Determinant of rank-$1$ update of multiple of identity matrix I've got to calculate determinant for such matrix:
$$ \begin{bmatrix}
a_1+b & a_2 & \cdots & a_n\\
a_1 & a_2+b & \cdots & a_n\\
\vdots & \vdots & \ddots & \vdots\\ 
a_1 & a_2 & \cdots & a_n+b\\
\end{bmatrix} $$
Please give me some tips how to calculate this.
 A: Set $A=\sum\limits_{i=1}^na_i$. By multilinearity,
\begin{align*}
&\begin{vmatrix}
a_1+b &a_2&\dots&a_n\\
a_1&b+a_2 &\dots&a_n \\
\vdots&\vdots&&\vdots\\
a_1  a_2&\dots &a_n+b
\end{vmatrix}=
\begin{vmatrix}
 A+b &a_2&\dots&a_n\\
A+b&b+a_2  &\dots&a_n \\
\vdots&\vdots&&\vdots\\
A+b & a_2&\dots &b+a_n 
\end{vmatrix}\\[1ex]
&=(A+b)\begin{vmatrix}
 1 &a_2&\dots&a_n\\
1&b+a_2  &\dots&a_n \\
\vdots&\vdots&&\vdots\\
1 & a_2&\dots &b+a_n 
\end{vmatrix}=(A+b)\begin{vmatrix}
 1 &a_2&\dots&a_n\\
0&b &\dots& 0 \\
\vdots&\vdots&&\vdots\\
0 & 0&\dots &b
\end{vmatrix}\\[1ex]
&=\color{red}{(A+b)b^{n-1}}.
\end{align*}
A: Write the matrix as $A+bI.$  Here, all the rows of $A$ are the same, and so $A$ is rank $1$, and therefore the kernel is of dimension $n-1$ and there is only one non-trivial eigenvalue, $\operatorname{tr}(A)$.  Therefore the characteristic polynomial of $A$ is $p_t(A)=\det(tI-A)=t^{n-1}(t-\operatorname{tr}(A))$.
It is now straightforward to calculate $\det(A+bI)$ from $\det(tI-A)$.  

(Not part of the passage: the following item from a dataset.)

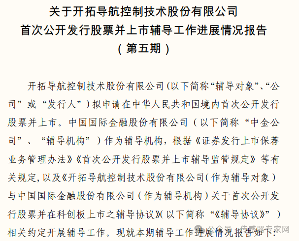 2023 年 4 月 28 日,開(kāi)拓導(dǎo)航與中國(guó)國(guó)際金融股份有限公司簽署IPO輔導(dǎo)協(xié)議,截止2024年7月19日,已完成第五期輔導(dǎo)工作。

A: The structure of this matrix aloud to write this equation which does not generally hold
$$det(A+Ib)=b^{n-1}(tr(A)+b)$$

I guess that's related with the fact that
$$A^2=tr(A)A$$
but just now I don't see how... If someone can see just edit in the comments please
A: The matrix can be written as $A+bI$, where $A$ is the matrix with all rows equal to $a_1,a_2,\dots,a_n$. The determinant in question is $(-1)^n\chi_A(-b)$, where $\chi_A$ is the characteristic polynomial of $A$.
Since $A$ has rank $1$, we have $\chi_A(x)=x^n-tr(A)x^{n-1}$ (see this for instance).
Finally, the determinant in question is $(-1)^n\chi_A(-b)=(-1)^n(-b)^n-a(-b)^{n-1}=b^n+ab^{n-1}$.